Our friends have the same question. We are asking them to put their lives on the line in support of shared goals, and they need to know we will stand by them. More rides on the outcome of our effort in Afghanistan than the particular interests we have there. American security would benefit greatly if we changed the global perception that the U.S. does not have the stomach to finish what it starts.

We cannot dismiss our extensive and painful experiences in Iraq, but we must recognize the differences between that country and Afghanistan.

Perhaps the most important lesson of Iraq that is transportable to Afghanistan is this: It is impossible to conduct effective counterterrorism operations (i.e., targeting terrorist networks with precise attacks on key leadership nodes) in a fragile state without conducting effective counterinsurgency operations (i.e., protecting the population and using economic and political programs to build support for the government and resistance to insurgents and terrorists). We will never have a better scenario in which to test the limitations of the counterterrorism model than we had in Iraq in 2006. U.S. Special Forces teams had complete freedom to act against al-Qaeda in Iraq, supported by around 150,000 regular U.S. troops, Iraqi military and police forces of several hundred thousand, and liberal airpower. We killed scores of key terrorist leaders, including the head of al-Qaeda in Iraq, Abu Musab al Zarqawi, in June 2006. But terrorist strength, violence, and control only increased over the course of that year. It was not until units already on the ground applied a new approach—a counterinsurgency approach—and received reinforcements that we were able to defeat al-Qaeda in Iraq (even without killing its new leader).
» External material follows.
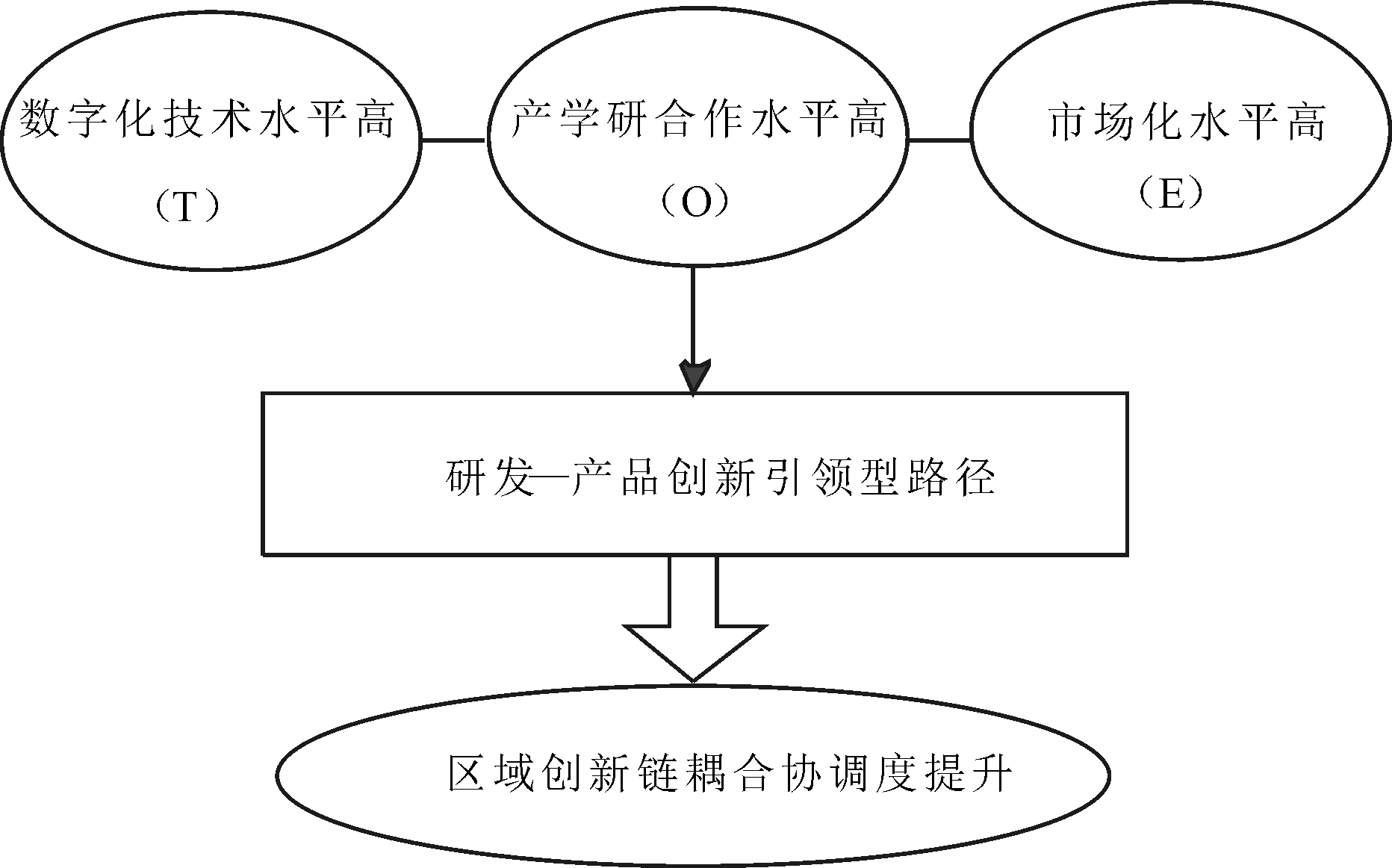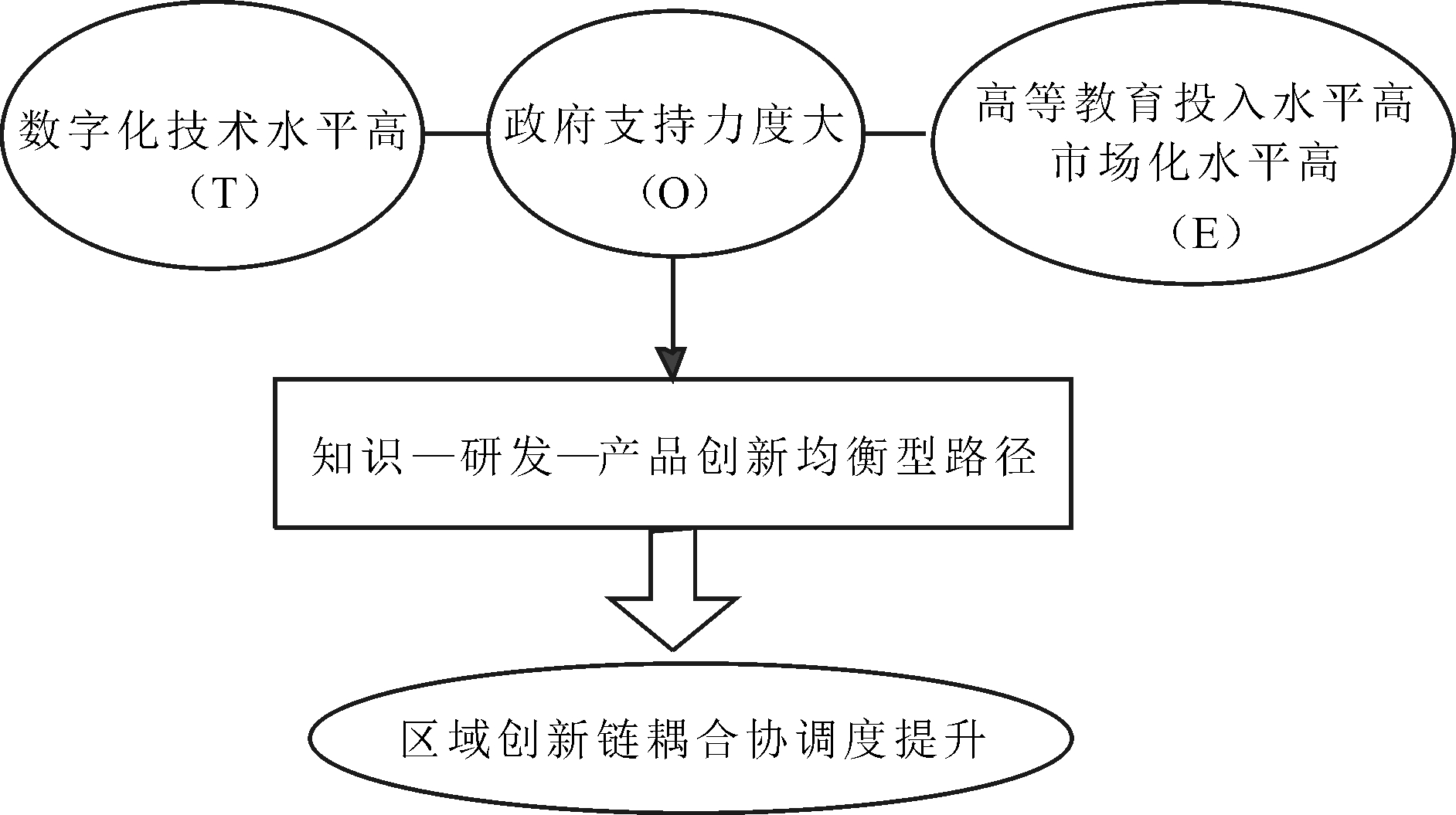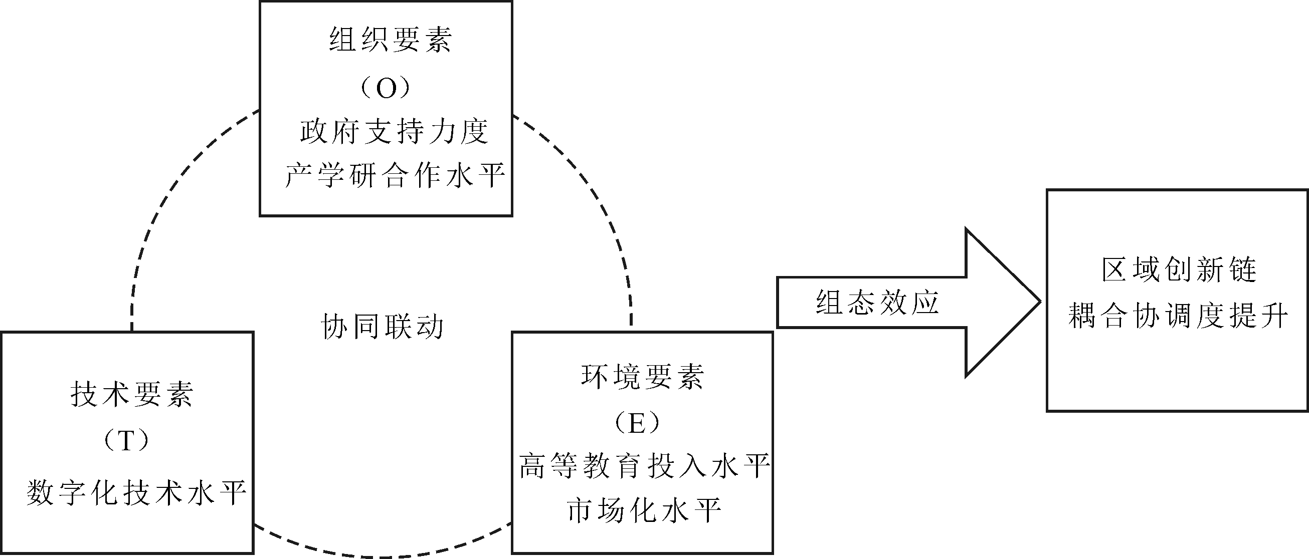 TOE理论在解释复杂社会现象成因以及提取影响要素方面具有良好效果[19]。根据该理论,区域创新链耦合协调度会受到区域技术条件、组织特性及宏观环境3个维度的影响[20],因而可作为探讨多要素驱动区域创新链耦合协调度提升前因条件的理论分析框架。本文从整体性考虑,采用归纳法识别出技术(T)、组织(O)和环境(E)3个维度下的5个影响要素,以要素之间的协同联动形成多元组态,进而构建多要素驱动区域创新链耦合协调度提升的组态效应模型,具体如图1所示。

In Afghanistan, we have nothing like the freedom of movement we had in Iraq in 2006, and nothing like the force levels. We have, furthermore, been targeting leadership nodes within terrorist networks in Afghanistan and Pakistan for seven years now, yet the groups are not defeated. Absent a counterinsurgency and nation-building strategy that leads the population to reject the terrorists, killing bad guys will not defeat well-organized and determined terrorist networks.

Enthusiasm has been growing for some time over the idea of generating “awakenings” in Afghanistan similar to the Anbar Awakening that helped turn the tide in Iraq in 2007. Conceptually, this enthusiasm is sound. As noted above, success will require developing local solutions that are integrated in some way with the central government—the most abstract rendering of the “awakening” phenomenon in Iraq.

But we must be very careful about trying to apply Iraq “lessons” of greater specificity. For one thing, what happened in Iraq was not a single phenomenon. The Sunni-Arab rejection of al-Qaeda and turn to the coalition consisted of myriad local developments rather than being a coordinated movement. The coalition response to and support of those local developments was coordinated—we coined the term “Sons of Iraq” and treated SOIs as though they were a coherent group for certain funding and bureaucratic purposes—but each group remained independent. The SOIs never developed a corporate identity, and the local movements transformed their local political contexts rather than evolving into a country-wide movement.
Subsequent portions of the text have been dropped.